Restructuring and restructuring-related net charges (credits) - These adjustments represent severance and other direct costs associated with our restructuring programs. These costs are excluded by management in assessing our operating performance, as well as from our operating segments' measures of profit and loss used for making operating decisions and assessing performance. Accordingly, management excluded these costs for purposes of calculating these non-GAAP financial measures to facilitate an evaluation of our current operating performance and a comparison to our past operating performance.

Litigation-related net charges (credits) - These adjustments include certain significant product liability and other litigation-related charges and credits. These amounts are excluded by management in assessing our operating performance, as well as from our operating segments' measures of profit and loss used for making operating decisions and assessing performance.
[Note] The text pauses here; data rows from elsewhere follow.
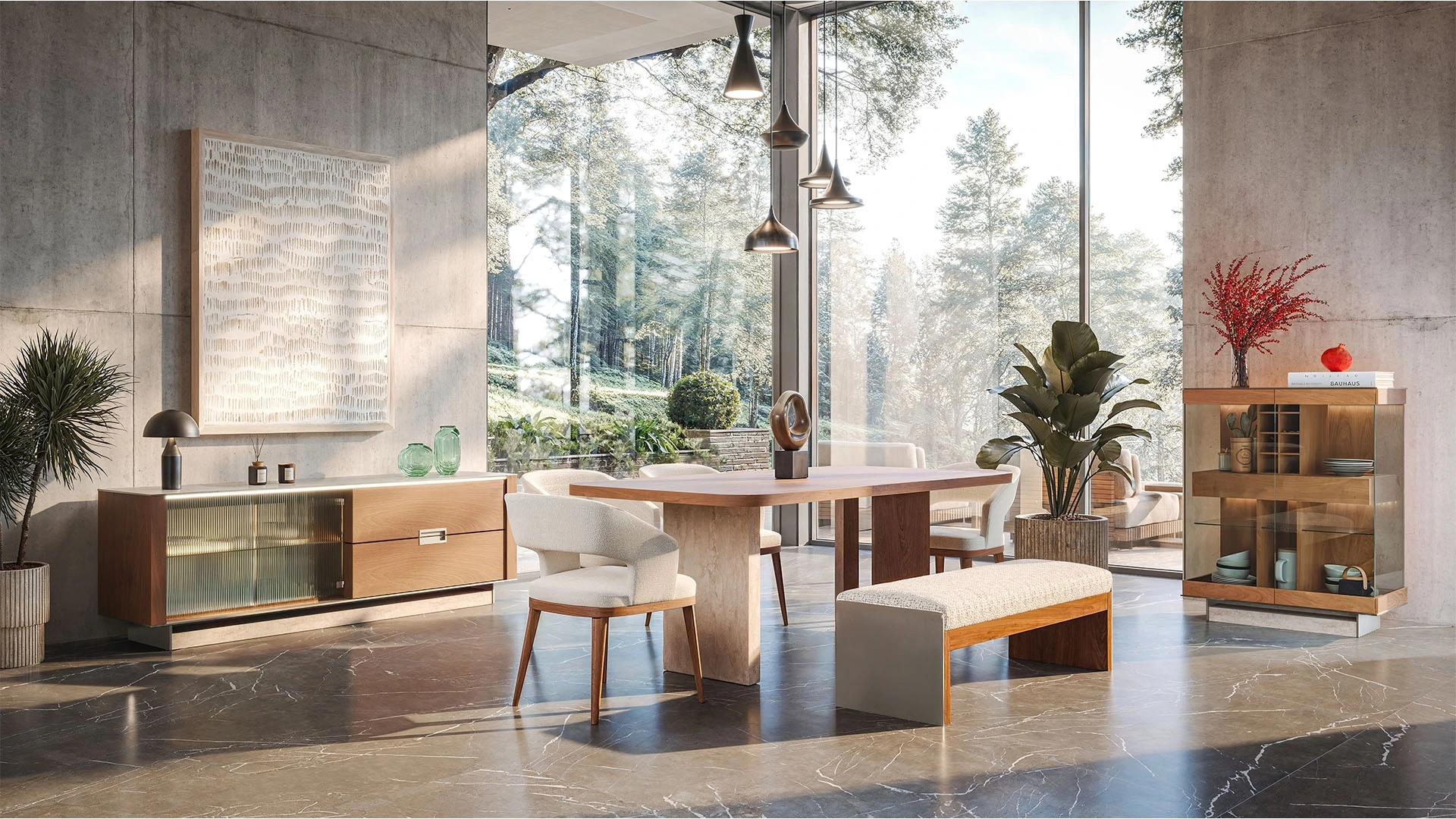 Ceviz renginin sıcaklığı ve modern detaylarıyla Moderna Konsol, yemek odanızı yeniden şekillendiriyor. Sağ kısımda yer alan geniş çekmeceler sofra düzeniniz için pek çok eşyanızı saklamanıza olanak tanıyor. Cam kapaklı bölüm ise dekoratif eşyalarınızı sergilemeniz için birebir. Ürünün ayak kısmındaki mermer detayı, çok daha şık bir görünüm sağlıyor. Moderna'nın diğer parçalarıyla da son derece uyumlu olan bu konsol, modern yaşam alanı oluşturmak isteyenlerin tercihi.
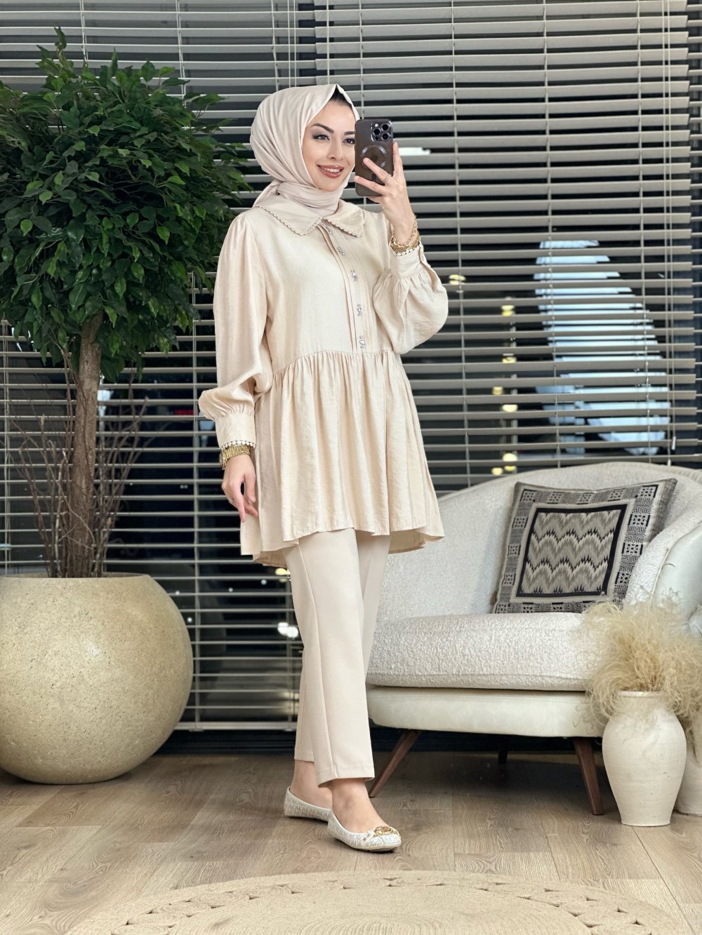4209 Yaka Kenarı Fisto Tunik Kahve
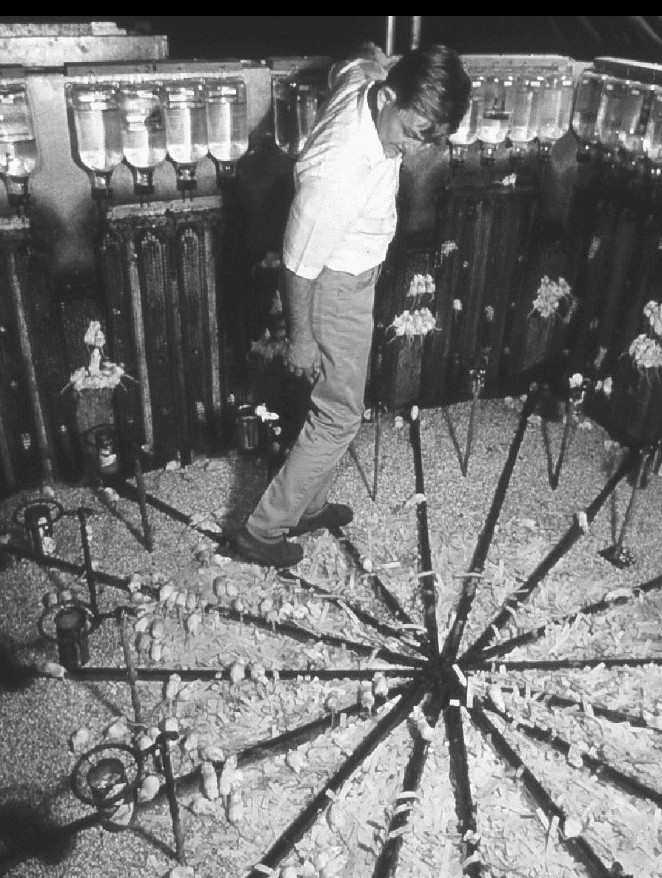 カルホーンは「マウスの楽園」と称する理想的な環境を構築した――無限の食料、清潔な水、捕食者不在、管理された温度、そして絶え間ない医療ケアが提供される空間である。
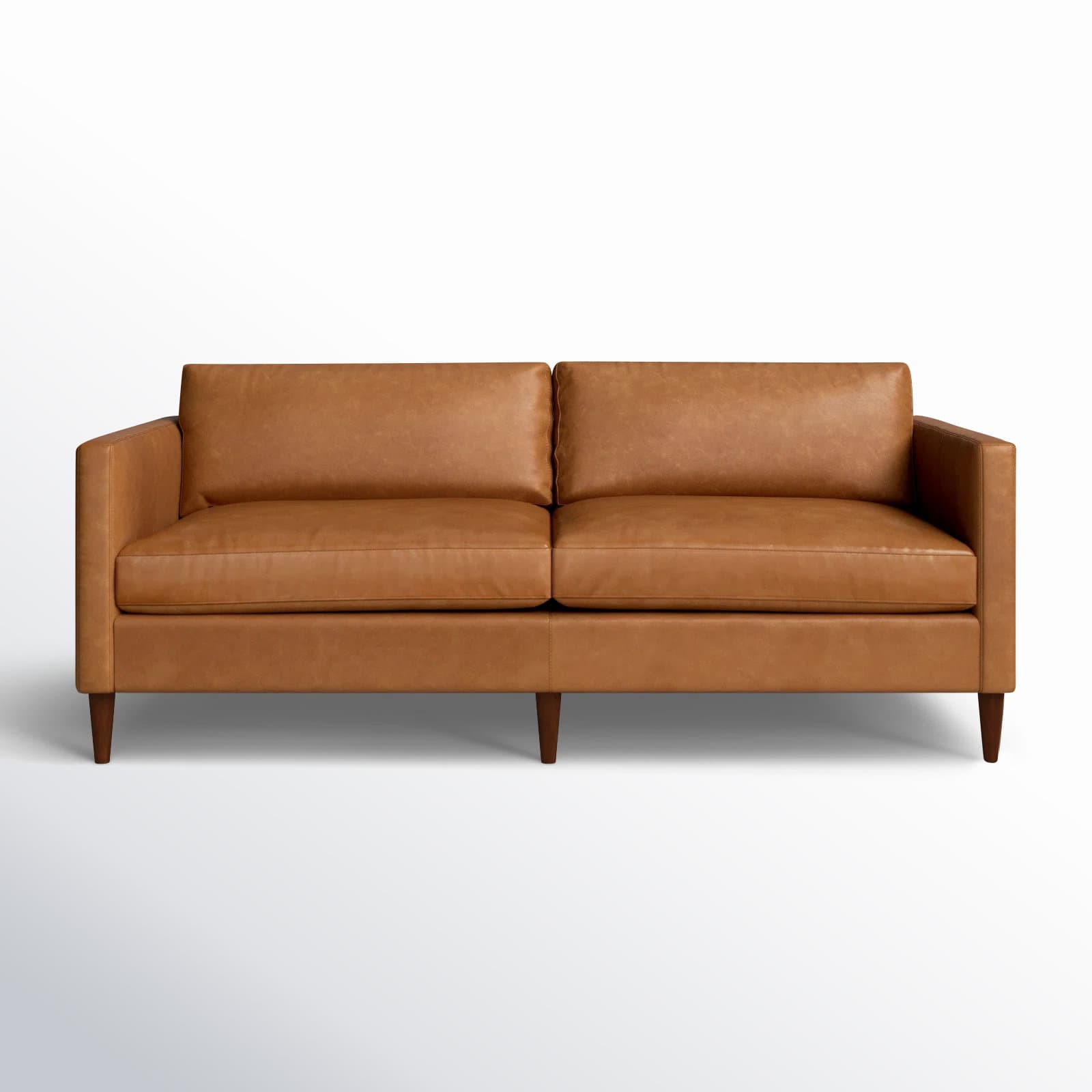 Inspired by mid-century + Scandi styles, this shelter-arm sofa displays clean lines + wooden cone legs. This AllModern exclusive design is artisan-built in North Carolina, with feather-blend cushions supported by steel sinuous springs. Choose from a range of leather upholstery options to design your ideal seating – it’s modern made custom.
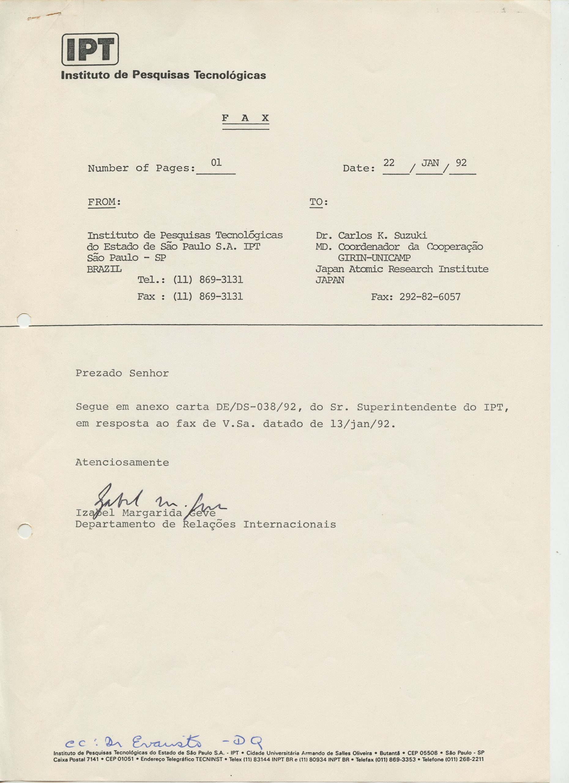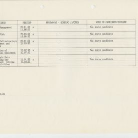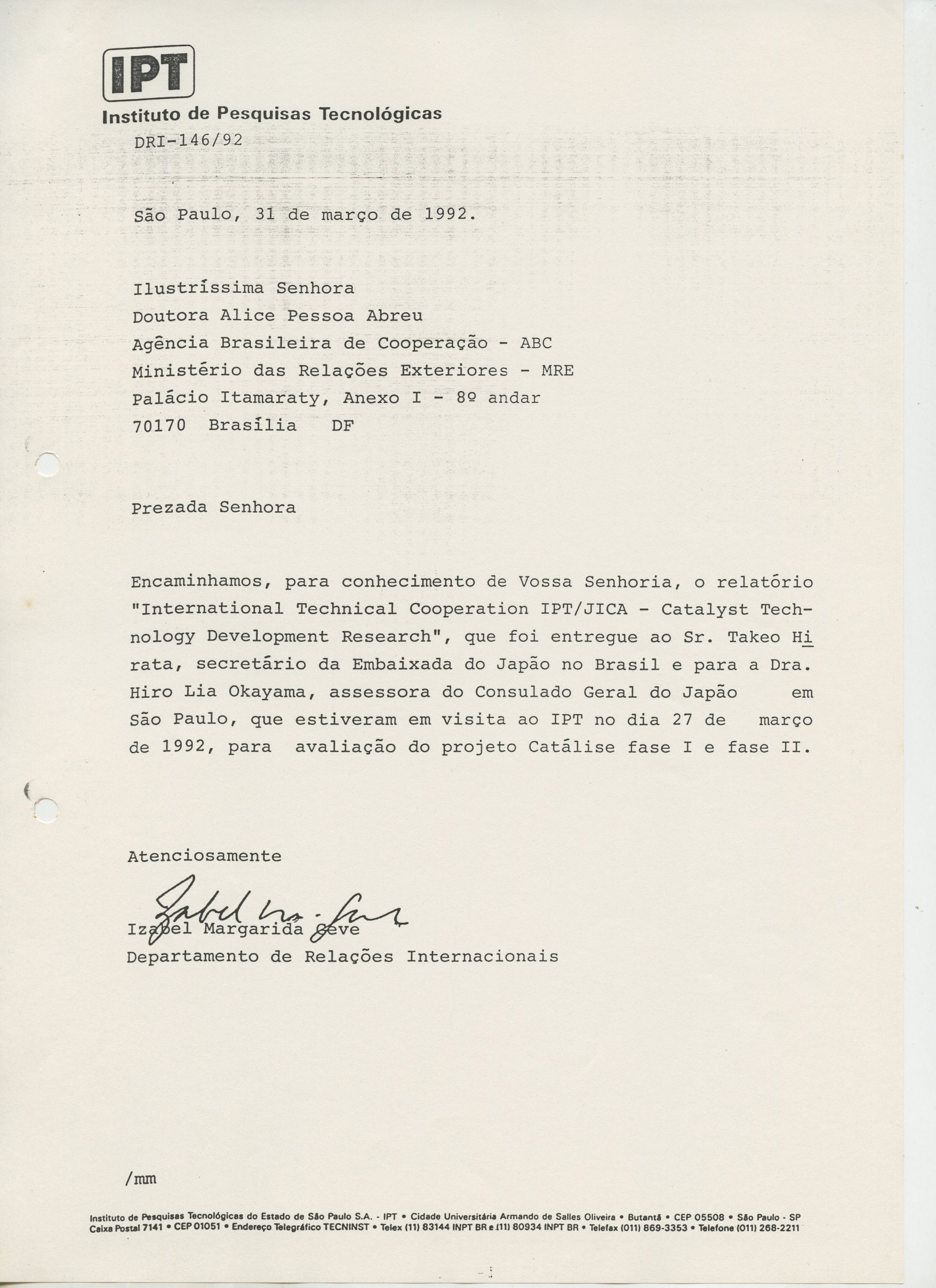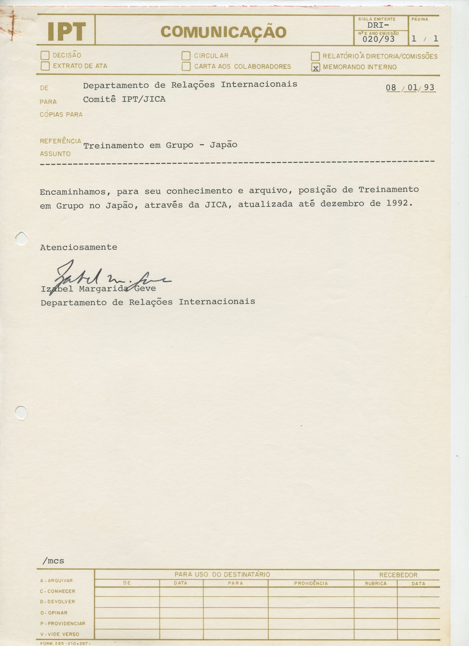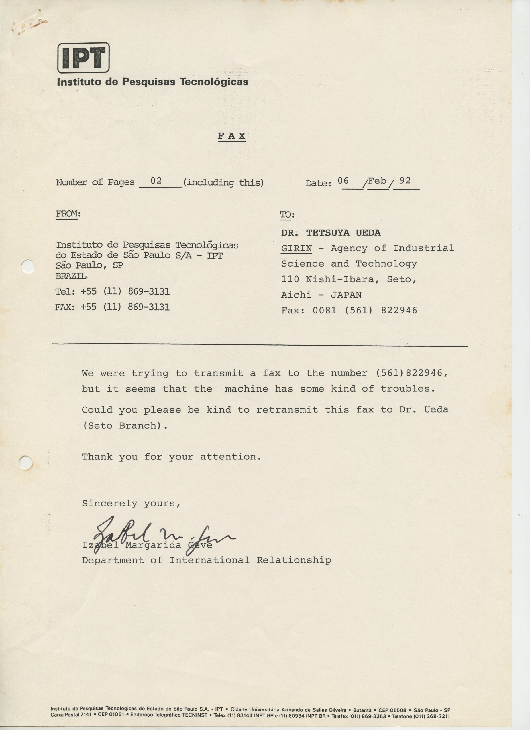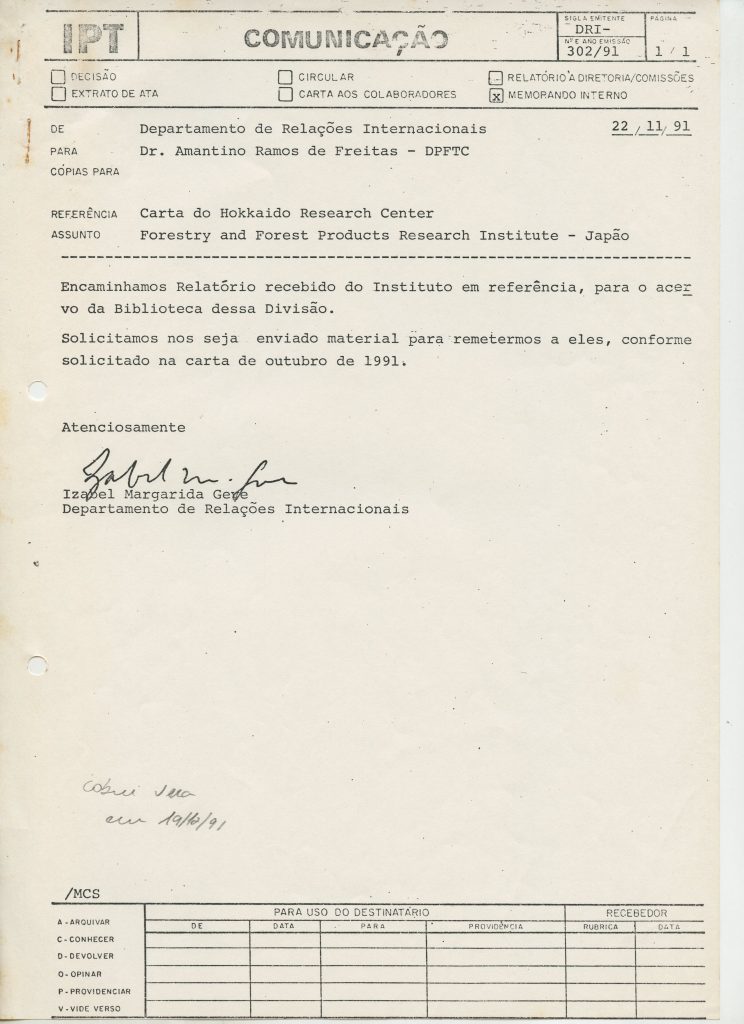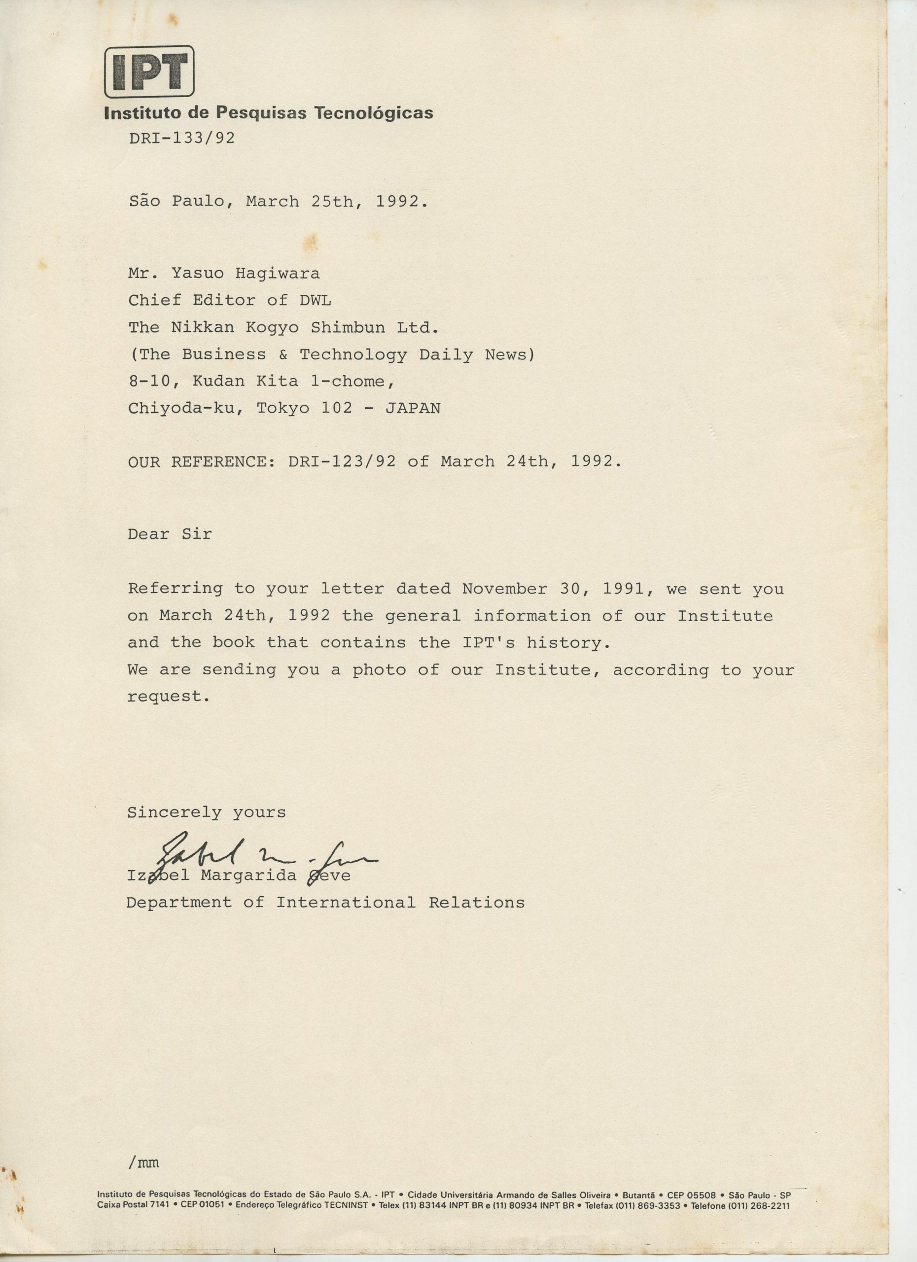 Correspondências gerais da JICA (fax, cartas, memorandos) sobre o comitê, seminários, cursos, relatórios, treinamentos e avaliações. Documentos sem relação e de assuntos diversos: bilhete solicitando doação a empresa Asahi Chemical Industry Co. Ltd., requisição de desembaraço aduaneiro de materiais e equipamentos, bilhete contendo telefone e endereço do Conselheiro Rubens de Souza Sarmento, folheto da campanha do agasalho, cópia de cartão de visita, e cartão de sugestão.

Accordingly, management excluded these amounts for purposes of calculating these non-GAAP financial measures to facilitate an evaluation of our current operating performance and a comparison to our past operating performance.

Debt extinguishment charges - This item represents premiums, accelerated amortization of debt issuance costs and investor discount costs net of interest rate hedge gains related to the early extinguishment of $1.0 billion of public senior notes during the second quarter of 2015. These adjustments are not expected to recur and do not reflect expected ongoing operating results. Accordingly, management excluded these amounts for purposes of calculating these non-GAAP financial measures to facilitate an evaluation of our current operating performance and a comparison to our past operating performance.

Pension termination charges - This item represents charges associated with the termination of the Guidant Retirement Plan, a frozen defined benefit plan. These charges are not expected to recur after 2015 and do not reflect expected ongoing operating results. Accordingly, management has excluded these amounts for purposes of calculating these non-GAAP financial measures to facilitate an evaluation of our current operating performance and a comparison to our past operating performance.

Amortization expense - We record intangible assets at historical cost and amortize them over their estimated useful lives. Amortization expense is excluded from management's assessment of operating performance and is also excluded from our operating segments' measures of profit and loss used for making operating decisions and assessing performance. Accordingly, management has excluded amortization expense for purposes of calculating these non-GAAP financial measures to facilitate an evaluation of our current operating performance and a comparison to our past operating performance.

Adjusted Net Sales Excluding the Impact of Changes in Foreign Currency Exchange Rates and/or the Impact of Recent Acquisitions with Significant Sales

The impact of changes in foreign currency exchange rates is highly variable and difficult to predict. The impact of recent acquisitions with significant sales in the current period and no prior period equivalent may distort our presentation of organic growth. Accordingly, management excludes the impact of changes in foreign currency exchange rates and/or the impacts of recent acquisitions with significant sales for purposes of reviewing the net sales and growth rates to facilitate an evaluation of our current operating performance and a comparison to our past operating performance.






Adjusted net income and adjusted net income per share that exclude certain amounts, and adjusted net sales that exclude the impact of changes in foreign currency exchange rates and/or the impacts of recent acquisitions with significant sales, are not in accordance with U.S. GAAP and should not be considered in isolation from or as a replacement for the most directly comparable GAAP financial measures. Further, other companies may calculate these non-GAAP financial measures differently than we do, which may limit the usefulness of those measures for comparative purposes.